- REQUIRED WORK
Write out exactly the lines from the one holding "Spawn 1994 OVERTKILL" to the last line of the entries, both ends included and nothing else, without the pictures.
SUPPLIED DATA: Begin
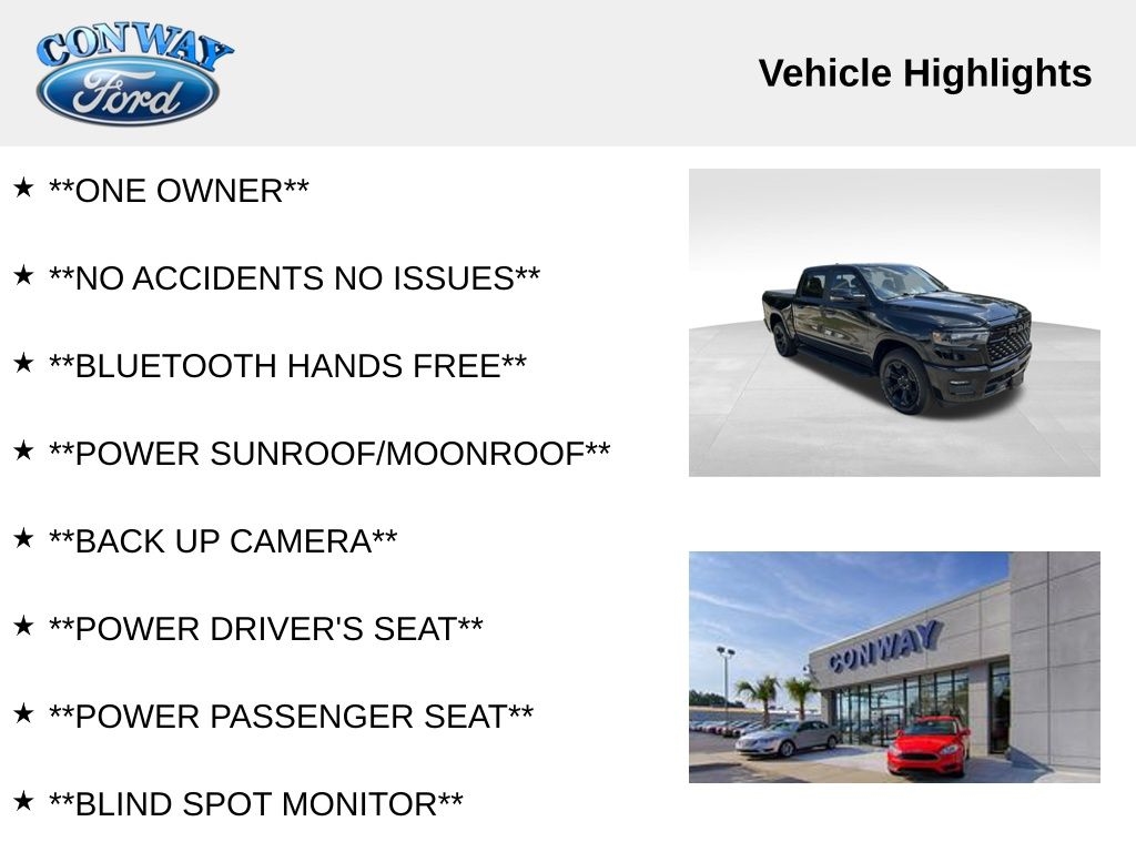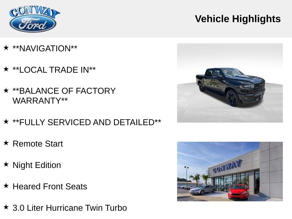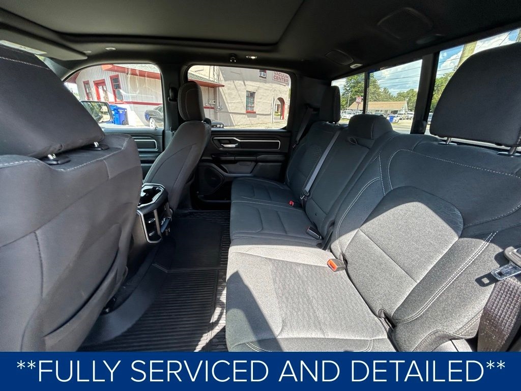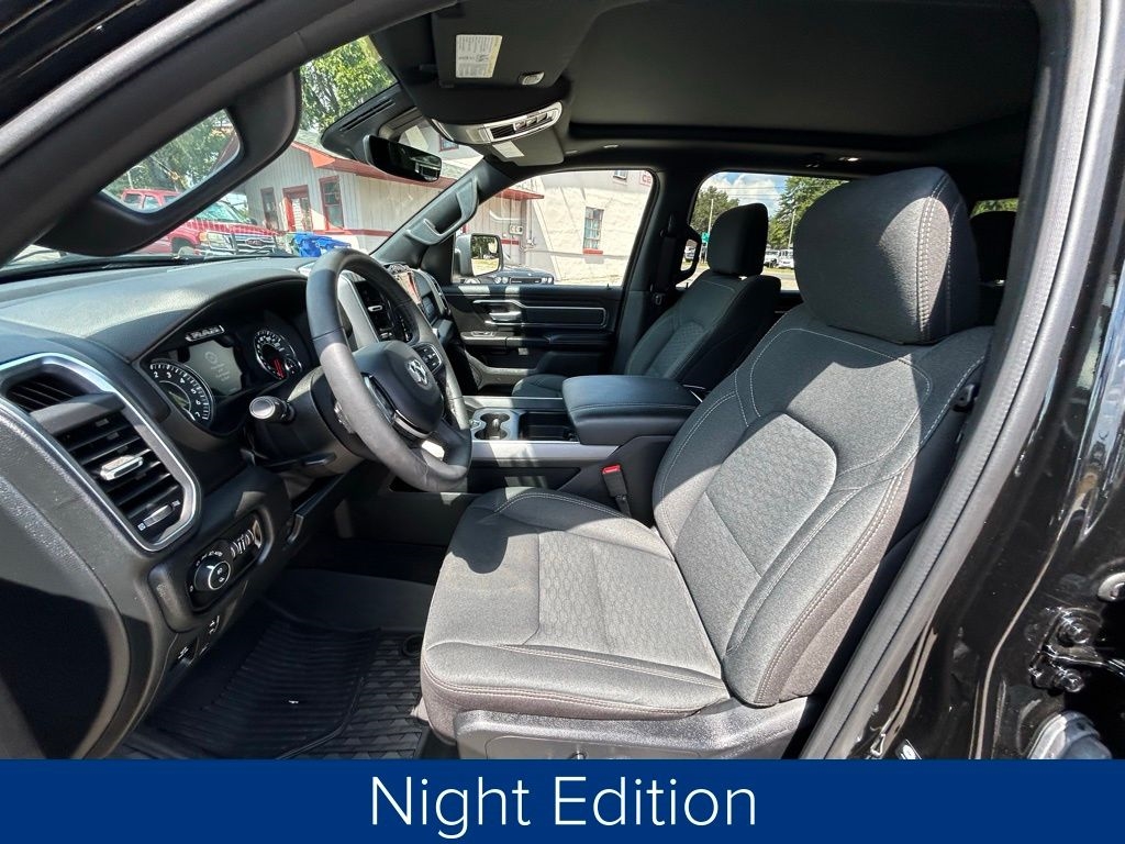 **ONE OWNER**, **NO ACCIDENTS NO ISSUES**, **BLUETOOTH HANDS FREE**, **POWER SUNROOF/MOONROOF**, **BACK UP CAMERA**, **POWER DRIVER'S SEAT**, **POWER PASSENGER SEAT**, **BLIND SPOT MONITOR**, **NAVIGATION**, **LOCAL TRADE IN**, **BALANCE OF FACTORY WARRANTY**, **FULLY SERVICED AND DETAILED**, Remote Start, Night Edition, Heared Front Seats, 3.0 Liter Hurricane Twin Turbo, Spray-in Mopar Bedliner, Panoramic Sunroof, 1500 Big Horn/Lone Star, 4D Crew Cab, 3.0L I6, 4WD, Diamond Black Crystal Pearlcoat, 115V Auxiliary Power Outlet, 115V Auxiliary Rear Power Outlet, 12" Touchscreen Display, 2nd Row In Floor Storage Bins, 3 Rear Seat Head Restraints, 3.92 Rear Axle Ratio, 4 Way Front Headrests, 4-Wheel Disc Brakes, 400W Inverter, 4G LTE Wi-Fi Hot Spot, 9 Amplified Speakers w/Subwoofer, ABS brakes, Accent Color Door Handles, Accent Color Premium Power Mirrors, Accent Color Tailgate Handle, Air Conditioning ATC w/Dual Zone Control, Anti-Spin Differential Rear Axle, Apple CarPlay/Android Auto, Auto High-beam Headlights, Auto Power-Folding Mirrors, Auto-Dimming Exterior Driver Mirror, Auto-Dimming Rear-View Mirror, Bed Utility Group, Big Horn Level 2 Equipment Group, Black Exterior Mirrors, Black Exterior Truck Badging, Black Headlamp Bezels, Black Interior Accents, Black Painted Exterior Mirrors Caps, Black Premium Power Mirrors, Black Tail Lamp Bezels, Black Trailer Tow Power Mirrors, Body Color Front Bumper, Body Color Rear Bumper w/Step Pads, Brake assist, Bucket Seats, Cluster 7.0" TFT Color Display, Compass, Configurable Drive Mode, Connected Travel & Traffic Services, Connectivity - US/Canada, Convex Wide-Angle Exterior Mirror Insert, Cruise Control, Delay-off headlights, Deluxe Cloth Bucket Seats, Dome Dual LED Reading Lamp, Driver door bin, Dual front impact airbags, Dual front side impact airbags, Dual Rear Exhaust w/Bright Tips, Dual-Pane Panoramic Sunroof, Electronic Stability Control, Exterior 115V AC Outlet, Exterior Mirrors Courtesy Lamps, Exterior Mirrors w/Heating Element, Exterior Mirrors w/Supplemental Signals, Front fog lights, Front reading lights, Front Seat Back Map Pockets, Front wheel independent suspension, Full Length Floor Console, Fully automatic headlights, Glove Box Lamp, GPS Antenna Input, GPS Navigation, Grille Black Surround Black Mesh, HD Radio, Heated door mirrors, Heated Front Seats, Heated Steering Wheel, Integrated Voice Command w/Bluetooth, Leather Wrapped Steering Wheel, LED Dome Lamp w/On/Off Switch, LED Footwell Lighting, Low tire pressure warning, Manual Adjust 4-Way Front Passenger Seat, Manual Folding Exterior Mirrors, Manual Telescoping Mirrors, Media Hub w/2 Charge Only USBs, Mirror Clearance/Running Lights, MOPAR 4 Adjustable Cargo Tie-Down Hooks, Mopar Black Tubular Side Steps, MOPAR Front & Rear Rubber Floor Mats, MOPAR Spray In Bedliner, Night Edition, Outside temperature display, Overhead LED Lamps, Panic alarm, ParkView Rear Back-Up Camera, Passenger door bin, Pick-Up Box Lighting, Power 2-Way Driver Lumbar Adjust, Power Adjust 8-Way Driver Seat, Power Adjustable Pedals, Power door mirrors, Power windows, Power-Adjustable Convex Aux Mirrors, Premium Overhead Console, Quick Order Package 21Z Big Horn, Radio: Uconnect 5 Nav w/12.0" Display, RAM Grille Badge - Black, RAM Grille Badge - Chrome, Rear 60/40 Folding Seat, Rear Center Armrest, Rear Power Sliding Window, Rear step bumper, Rear Window Defroster, Remote keyless entry, Remote Tailgate Release, Security Alarm, SiriusXM w/360L, Steering Wheel Mounted Audio Controls, Sun Visors w/Illuminated Vanity Mirrors, Tachometer, Telescoping steering wheel, Traction control, Trailer Brake Control, Trailer Reverse Steering Control, Trailer Tire Pressure Monitoring System, Trailer Tow Mirrors, Trailer Tow Package, Trip computer, Universal Garage Door Opener, USB Host Flip, Variably intermittent wipers, Wheels: 20" x 9.0" Aluminum Painted Clad.
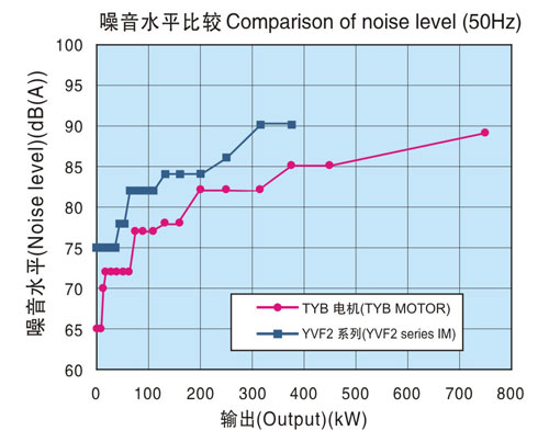 通過(guò)降低電機(jī)總損失,減少電機(jī)冷卻風(fēng)量,實(shí)現(xiàn)了比本公司YVF2系列變頻器專用IM更低噪音化。
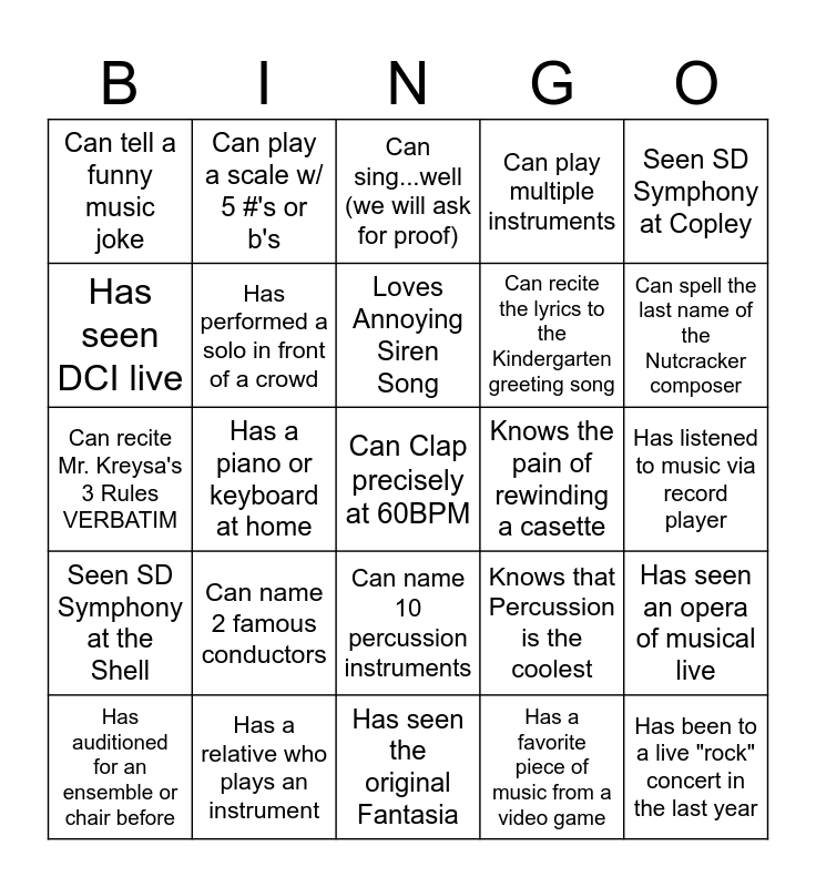 This bingo card has 25 words: Can name 2 famous conductors, Has seen the original Fantasia, Loves Annoying Siren Song, Has auditioned for an ensemble or chair before, Seen SD Symphony at Copley, Can tell a funny music joke, Has seen DCI live, Can play a scale w/ 5 #'s or b's, Knows the pain of rewinding a casette, Can name 10 percussion instruments, Can recite the lyrics to the Kindergarten greeting song, Can recite Mr. Kreysa's 3 Rules VERBATIM, Knows that Percussion is the coolest, Has seen an opera of musical live, Has performed a solo in front of a crowd, Has been to a live "rock" concert in the last year, Has listened to music via record player, Can sing...well (we will ask for proof), Can spell the last name of the Nutcracker composer, Has a piano or keyboard at home, Can Clap precisely at 60BPM, Has a relative who plays an instrument, Seen SD Symphony at the Shell, Can play multiple instruments and Has a favorite piece of music from a video game.
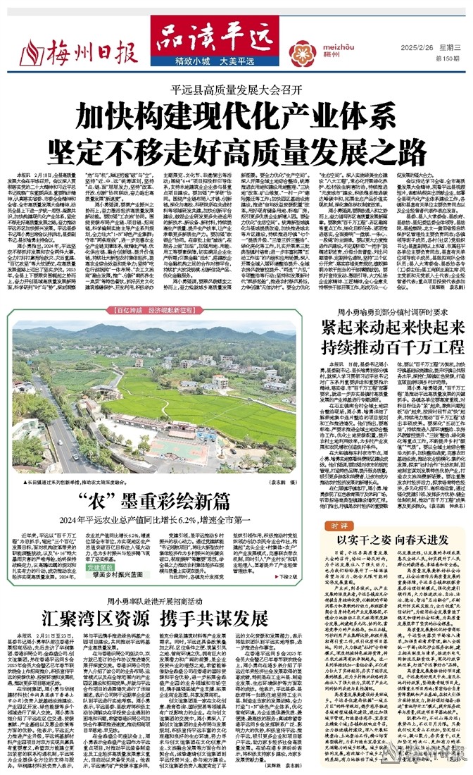 周小勇、喻勇强调,“百千万工程”是推动平远高质量发展的关键抓手。各镇各单位要高度重视,对标目标任务“紧”起来,聚焦问题短板“动”起来,按照时间节点“快”起来,持续用力推动“百千万工程”结出丰硕成果。要深化“五动工作法”,持续推进人居环境整治、农房风貌管控提升、“三线”整治、绿化美化等重点工作,不断提升乡村“颜值”“气质”。要以全域土地综合整治为抓手,加快整治进度,完善农田基础设施,推动农业规模化、集约化发展,探索“社村合作”长效机制,因地制宜谋划发展特色优势产业,打造农文旅消费新场景。要注重激发农村经济活力,探索培育特色经济,多元化招引、高标准运营,通过强化党建引领、发挥多方优势、健全体制机制,推动“百千万工程”成果惠及更多群众。(袁志鹏 钟承志)
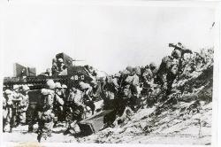 Ad Okinawa soldati Americani trasportano dei pezzi di artiglieria su di una collina, prima della battaglia finale
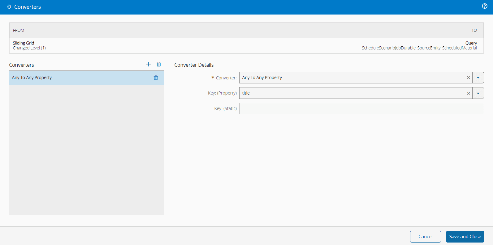In the next example, the Change Level (1) from above was connected to a Query that was created. This Query needs a parameter to filter the information, and the needed parameter is sent with the converter:
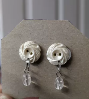 Upcycled Vintage Button Earrings | Handmade Dangle Studs in white| Eco-Friendly Gift
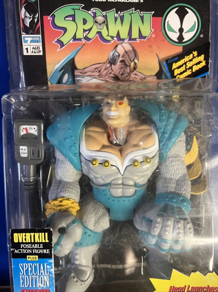 Spawn 1994 OVERTKILL Todd McFarlane Toys Series 1 Figure Blue With Comic Book
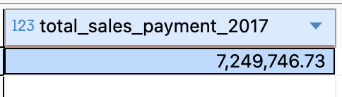 Answer 2: Total Sales for 2017 is: 6,155,806.98
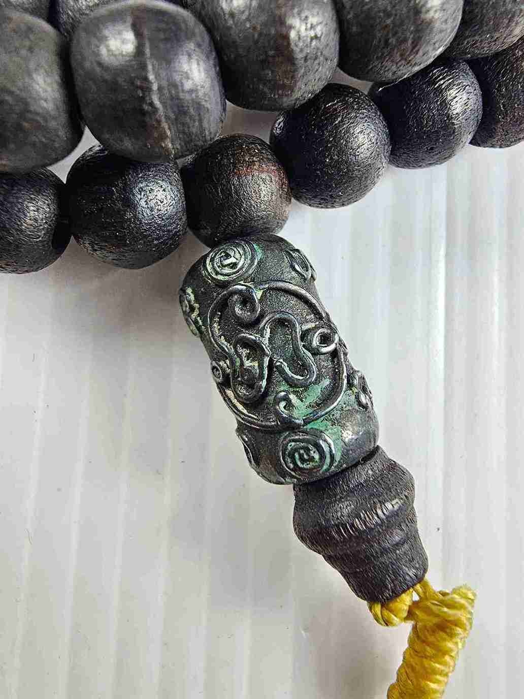 ประคำนเรศวรปราบหงสา หลวงพ่อชำนาญ สร้างจากไม้ประดู่สีดำ ลูกยอดเป็น ลูกสะกดยันต์ยุ่งเนื้อเมฆพัด ซึ่งเป็นหนึ่งในตำราพิชัยสงคราม
SUPPLIED DATA: End
- REPLY
 Spawn 1994 OVERTKILL Todd McFarlane Toys Series 1 Figure Blue With Comic Book
 Answer 2: Total Sales for 2017 is: 6,155,806.98
 ประคำนเรศวรปราบหงสา หลวงพ่อชำนาญ สร้างจากไม้ประดู่สีดำ ลูกยอดเป็น ลูกสะกดยันต์ยุ่งเนื้อเมฆพัด ซึ่งเป็นหนึ่งในตำราพิชัยสงคราม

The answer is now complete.